Mr. Wechsler says Imax's research-and-development wing is
pondering techniques for taking two-dimensional 35-millimeter
films and blowing them up into Imax's towering eight-story images
and 3-D stereoscopic pictures. He's confident the technology will
be ready in a decade -- maybe sooner. "It's really a function of
digital-enhancement tools and computing power," he says. "What
you're doing is you're sort of stretching images in space and
interpolating data."

The upshot for Imax could be profound: Its current library of about
140 Imax movies could suddenly expand to include the greatest
treasures of the cinematic canon, a key development for a jumbo
medium that hasn't produced any masterpieces. "I think a film like
'Lawrence of Arabia' would look exquisite in Imax 2-D," says Mr.

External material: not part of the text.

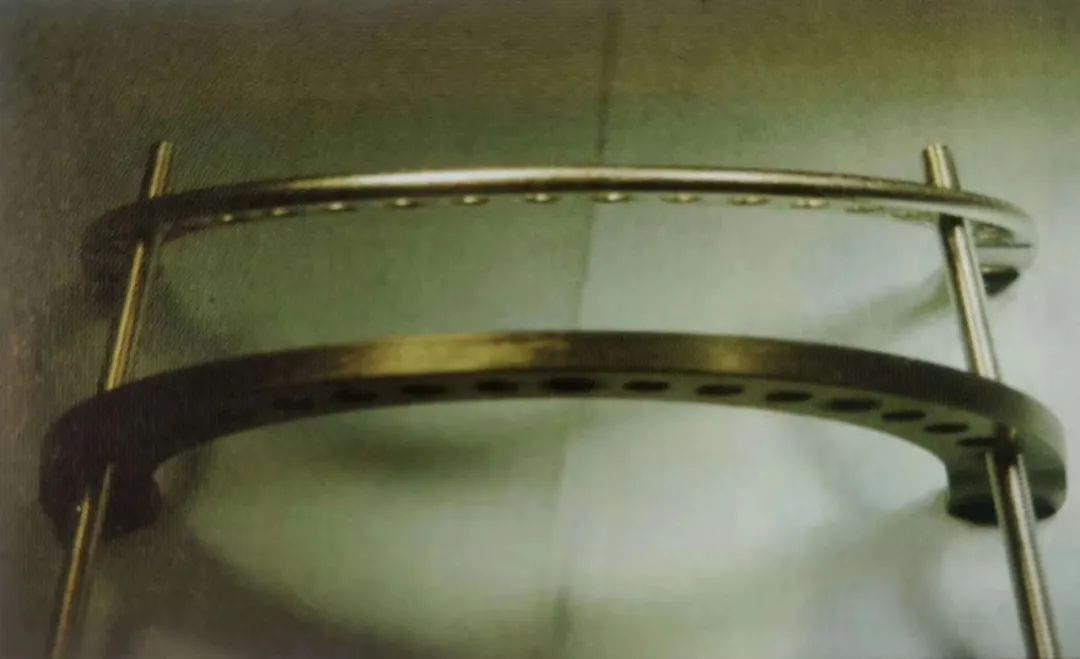不同的环形外固定架厚度不同,伊利扎诺夫系统的碳纤维环(下)比金属环(上)要厚。

Wechsler, who also puts "The Wizard of Oz" on the short list of
films he would most like to see in Imax. Studios, too, might be
agog over the possibilities: What better gimmick is there for
getting audiences to turn out for a film-classic revival?

Critics, of course, will disagree: If Ted Turner colorizing
"Casablanca" agitated cineastes, Imax inflating Dorothy and
Toto to the size of buildings sounds like grounds for a holy war.
Mr. Wechsler, though, says he won't treat purists' concerns lightly.